Recorded information
Content starts

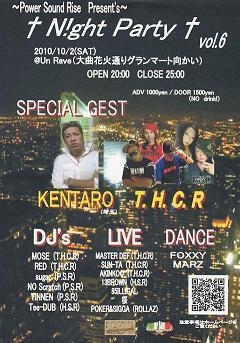 2010/10/02(SAT) †N!ght Party†vol.6 @Un Reve (大曲花火通りグランマート迎え) OPEN 20:00〜CLOSE 25:00 ADV\1000yen(100枚限定) ※当日先着50名様に1Dサービス付きます。早めのご来場をオススメ致します。 50名を越えた時点で1Dサービスを終了させて頂きます DOOR\1500yen(No Drink) 〜Special Guest〜 ・【KENTARO】[埼玉] ・【T.H.C.R】[DJ MOSE、DJ RED、SUN-TA、MASTER DEF、AKINKOO] ◆DJ's◆ MOSE[T.H.C.R] RED[T.H.C.R] Tee-DUB[H.S.R] No Scratch[P.S.R] Sugar[P.S.R] T!NNEN[P.S.R] ◆LIVE◆ SUN-TA
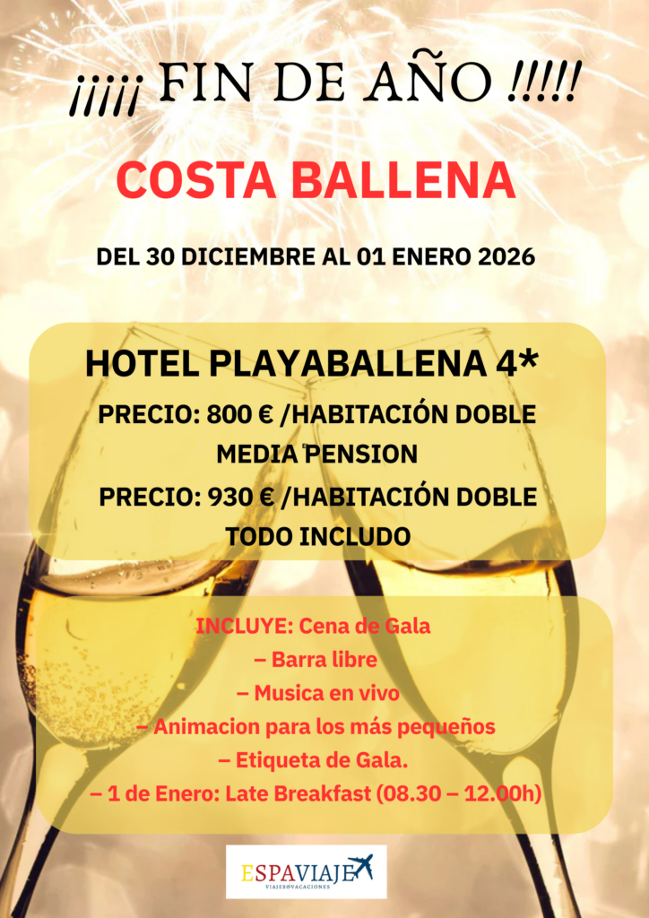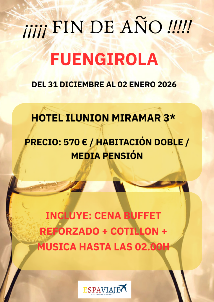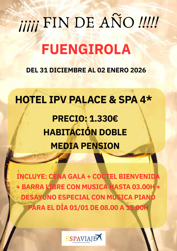DEL 31 DICIEMBRE 2025 AL 02 ENERO 2026 PRECIO POR PERSONA EN HABITACIÓN DOBLE RÉGIMEN DE MEDIA PENSIÓN CENA GALA + COCTEL BIENVENIDA + BARRA...
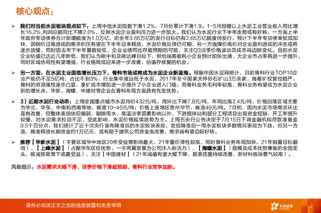 天风证券:水泥制造行业研究周报:淡季价格继续下滑,资金面好转或带动需求边际改善.pdf

Content ends

Directions
Your output should be the lines from the one with "DEL 31 DICIEMBRE" through the end of the listing, copied exactly and with the pictures left out.

Task answer
DEL 31 DICIEMBRE 2025 AL 02 ENERO 2026 PRECIO POR PERSONA EN HABITACIÓN DOBLE RÉGIMEN DE MEDIA PENSIÓN CENA GALA + COCTEL BIENVENIDA + BARRA...
 天风证券:水泥制造行业研究周报:淡季价格继续下滑,资金面好转或带动需求边际改善.pdf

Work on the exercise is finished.